Every line of the listing should be retyped exactly, but none of the pictures should be.

§ The records:
----------------------------------------
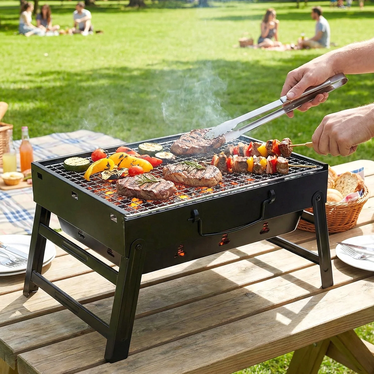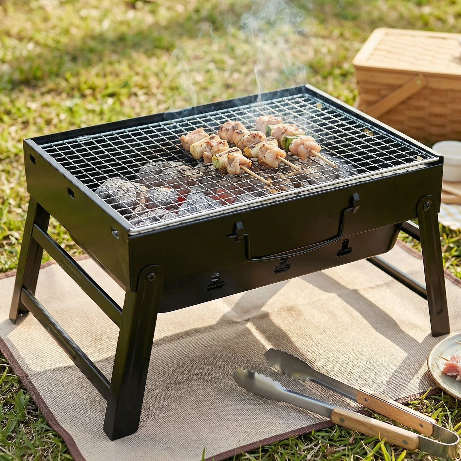 Designed for convenience, this foldable barbecue grill is easy to carry for camping or picnics. The charcoal grill with steel mesh distributes heat evenly for perfect grilling results. A reliable outdoor BBQ grill that enhances travel cooking experiences.
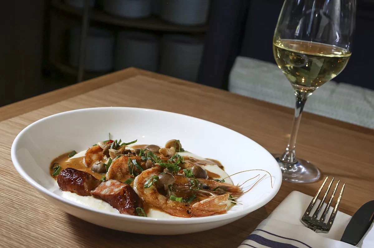 Where Point Royal really hits its stride is the more entrée-like dishes. The shrimp-and-grits main course isn’t reinvented, just executed beautifully. Head-on shrimp are cooked to tender perfection, mixed with a homemade shrimp and swordfish sausage, and set atop a creamy bed of Anson Mills grits. The dish is a reminder that you don’t need to do new things if you do old things right.
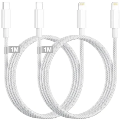 2-in-1 USB C to Lightning Cable: This USBC to Lightning cable supports PD fast charging, and when paired with a USB-C PD charger, it can charge an iPhone 14 up to 50% in just 30 minutes. In addition, this iPhone Lightning cable also supports high-speed data transfer with speeds of up to 480Mbps, allowing you to easily sync photos, music, and files within seconds. The efficient 2-in-1 iPhone USB C cable provides you with both fast charging and high-speed transmission. Durable iPhone Fast Charger Cable: This 1-meter-long iPhone charger cable USB C can withstand over 19,999 bends, effectively resisting the wear and tear of daily use. Wrapped in a nylon braided exterior, Lightning cable USB C remains sturdy and unbroken even with frequent plugging, unplugging, or bending, and its tangle-free design makes it more convenient for you. MFi Certified USB C Lightning Cable: This USBC to iPhone cable uses an original chip to ensure full compatibility with iOS devices, preventing any compatibility warning pop-ups during charging or data transfer. MFi-certified USB C to iPhone cable has undergone strict quality testing to ensure your iPhone can charge and transfer data quickly and safely. Type C to Lightning Cable Compatibility: This USB C iPhone charger cable supports PD fast charging and is compatible with iPhone 14/14 Plus/14 Pro/14 Pro Max, iPhone 13/13 mini/13 Pro/13 Pro Max, iPhone 12/12 mini/12 Pro/12 Pro Max, iPhone 11/11 Pro/11 Pro Max, iPhone X/XS/XS Max/XR, iPhone SE/SE (2nd gen)/SE (3rd gen), iPhone 8/8 Plus, iPad (4th–9th gen), iPad mini (1st–5th gen), iPad Air (1st–3rd gen), iPad Pro (1st–2nd gen). What You Get: 2 x 1M USB-C to Lightning Cable (nylon braided material). We offer a 24-month after-sales warranty for your Apple fast charger cable order. If any quality issues arise with iPhone cable fast charging during the trial period, please feel free to contact us, and our customer service team will resolve the issue within 24 hours.
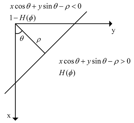 Then, Equation (10) can be solved by applying the gradient descent method. As the parameters and change with time t during the evolution of the line, the evolution equation is obtained as [31]:
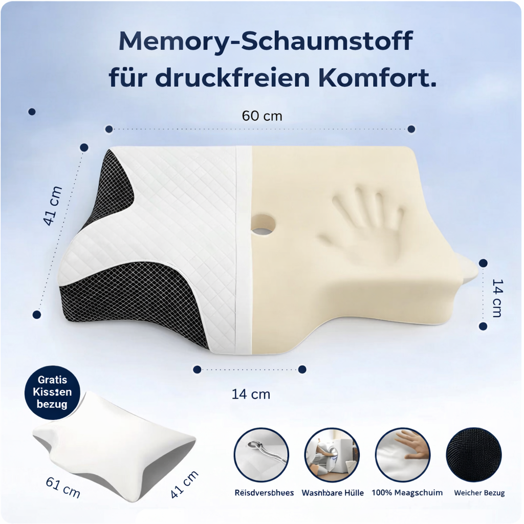 Das Luna Kissen ist nicht einfach nur ein Kopfkissen. Dank des fortschrittlichen Schmetterling-Höhlen-Designs passt sich das Kissen exakt den Konturen deines Körpers an. Egal, ob du ein Seiten-, Rücken- oder Bauchschläfer bist, dieses Kissen zwingt deine Wirbelsäule in eine natürliche, neutrale Position, wodurch Druckpunkte direkt entlastet werden.
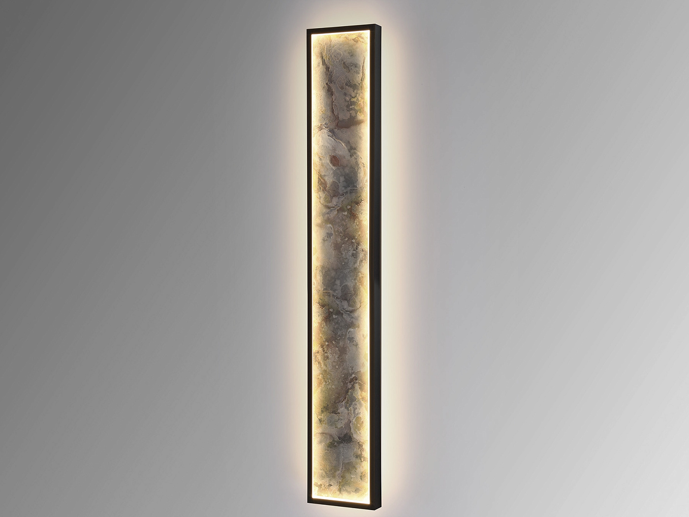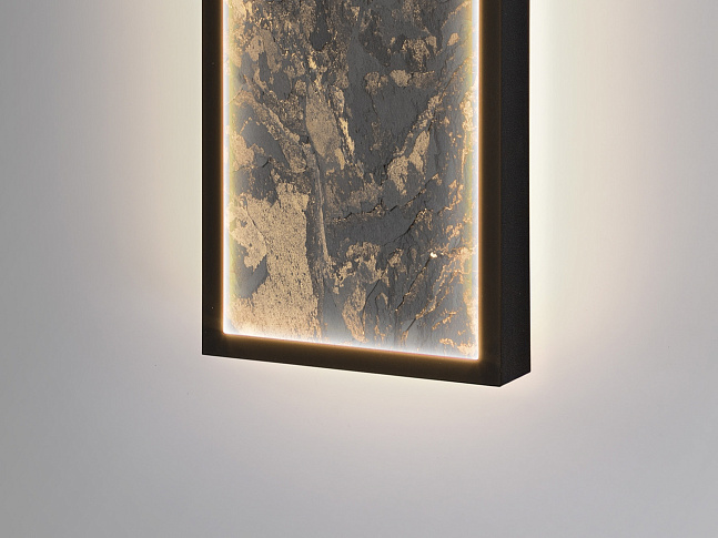 Прямоугольный настенный светильник или потолочный светильник. Изготовлен из металла с черной отделкой и многоцветным сланцем, с опаловой акриловой рамой. Светодиодный светильник 80 Вт, 1288 лм, смена цвета CCT, 3000/4000/6000 К Выбор цветовой температуры CCT осуществляется с настенного переключателя последовательными нажатиями клавиш. Включена функция памяти.
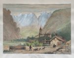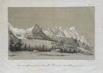 - William LINTON : Vue de Cormayeur (Valley of Aosta), Mont Blanc in the distance, lithographiée par William Day à Londres, coloriée et gouachée, extraite de Sketches in Italy during a tour in 1828-29, 1832 (dimensions de l'image : 32,5 x 24 cm). Peyrot I - 188/4.
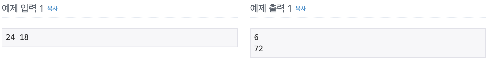 첫째 줄에는 입력으로 주어진 두 수의 최대공약수를, 둘째 줄에는 입력으로 주어진 두 수의 최소 공배수를 출력한다.
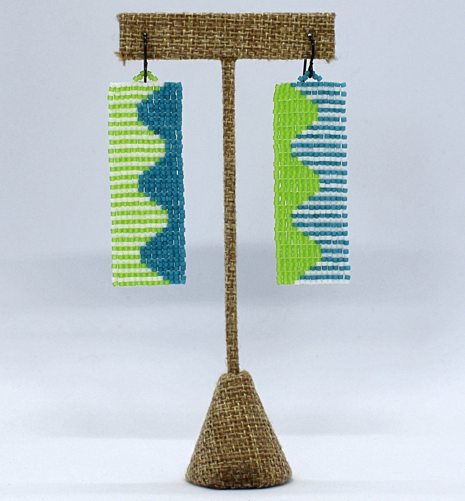 River inspired beaded earrings on niobium (hypoallergenic) ear wires. Blue, lime green, and white colored beads. Total length including ear wires is 3".
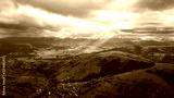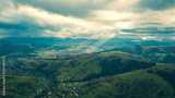 Aerial drone view of beautiful mountain valley with green pine trees and hills. Scenic landscape. Gloomy day. Sun rays trough the clouds
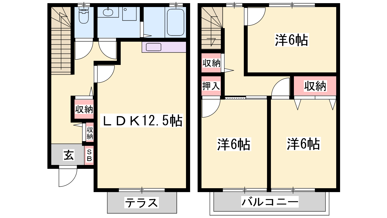 - LDK12.5帖、洋室6帖、洋室6帖、洋室6帖
----------------------------------------
§ Answer to the exercise:
 Designed for convenience, this foldable barbecue grill is easy to carry for camping or picnics. The charcoal grill with steel mesh distributes heat evenly for perfect grilling results. A reliable outdoor BBQ grill that enhances travel cooking experiences.
 Where Point Royal really hits its stride is the more entrée-like dishes. The shrimp-and-grits main course isn’t reinvented, just executed beautifully. Head-on shrimp are cooked to tender perfection, mixed with a homemade shrimp and swordfish sausage, and set atop a creamy bed of Anson Mills grits. The dish is a reminder that you don’t need to do new things if you do old things right.
 2-in-1 USB C to Lightning Cable: This USBC to Lightning cable supports PD fast charging, and when paired with a USB-C PD charger, it can charge an iPhone 14 up to 50% in just 30 minutes. In addition, this iPhone Lightning cable also supports high-speed data transfer with speeds of up to 480Mbps, allowing you to easily sync photos, music, and files within seconds. The efficient 2-in-1 iPhone USB C cable provides you with both fast charging and high-speed transmission. Durable iPhone Fast Charger Cable: This 1-meter-long iPhone charger cable USB C can withstand over 19,999 bends, effectively resisting the wear and tear of daily use. Wrapped in a nylon braided exterior, Lightning cable USB C remains sturdy and unbroken even with frequent plugging, unplugging, or bending, and its tangle-free design makes it more convenient for you. MFi Certified USB C Lightning Cable: This USBC to iPhone cable uses an original chip to ensure full compatibility with iOS devices, preventing any compatibility warning pop-ups during charging or data transfer. MFi-certified USB C to iPhone cable has undergone strict quality testing to ensure your iPhone can charge and transfer data quickly and safely. Type C to Lightning Cable Compatibility: This USB C iPhone charger cable supports PD fast charging and is compatible with iPhone 14/14 Plus/14 Pro/14 Pro Max, iPhone 13/13 mini/13 Pro/13 Pro Max, iPhone 12/12 mini/12 Pro/12 Pro Max, iPhone 11/11 Pro/11 Pro Max, iPhone X/XS/XS Max/XR, iPhone SE/SE (2nd gen)/SE (3rd gen), iPhone 8/8 Plus, iPad (4th–9th gen), iPad mini (1st–5th gen), iPad Air (1st–3rd gen), iPad Pro (1st–2nd gen). What You Get: 2 x 1M USB-C to Lightning Cable (nylon braided material). We offer a 24-month after-sales warranty for your Apple fast charger cable order. If any quality issues arise with iPhone cable fast charging during the trial period, please feel free to contact us, and our customer service team will resolve the issue within 24 hours.
 Then, Equation (10) can be solved by applying the gradient descent method. As the parameters and change with time t during the evolution of the line, the evolution equation is obtained as [31]:
 Das Luna Kissen ist nicht einfach nur ein Kopfkissen. Dank des fortschrittlichen Schmetterling-Höhlen-Designs passt sich das Kissen exakt den Konturen deines Körpers an. Egal, ob du ein Seiten-, Rücken- oder Bauchschläfer bist, dieses Kissen zwingt deine Wirbelsäule in eine natürliche, neutrale Position, wodurch Druckpunkte direkt entlastet werden.
 Прямоугольный настенный светильник или потолочный светильник. Изготовлен из металла с черной отделкой и многоцветным сланцем, с опаловой акриловой рамой. Светодиодный светильник 80 Вт, 1288 лм, смена цвета CCT, 3000/4000/6000 К Выбор цветовой температуры CCT осуществляется с настенного переключателя последовательными нажатиями клавиш. Включена функция памяти.
 - William LINTON : Vue de Cormayeur (Valley of Aosta), Mont Blanc in the distance, lithographiée par William Day à Londres, coloriée et gouachée, extraite de Sketches in Italy during a tour in 1828-29, 1832 (dimensions de l'image : 32,5 x 24 cm). Peyrot I - 188/4.
 첫째 줄에는 입력으로 주어진 두 수의 최대공약수를, 둘째 줄에는 입력으로 주어진 두 수의 최소 공배수를 출력한다.
 River inspired beaded earrings on niobium (hypoallergenic) ear wires. Blue, lime green, and white colored beads. Total length including ear wires is 3".
 Aerial drone view of beautiful mountain valley with green pine trees and hills. Scenic landscape. Gloomy day. Sun rays trough the clouds
 - LDK12.5帖、洋室6帖、洋室6帖、洋室6帖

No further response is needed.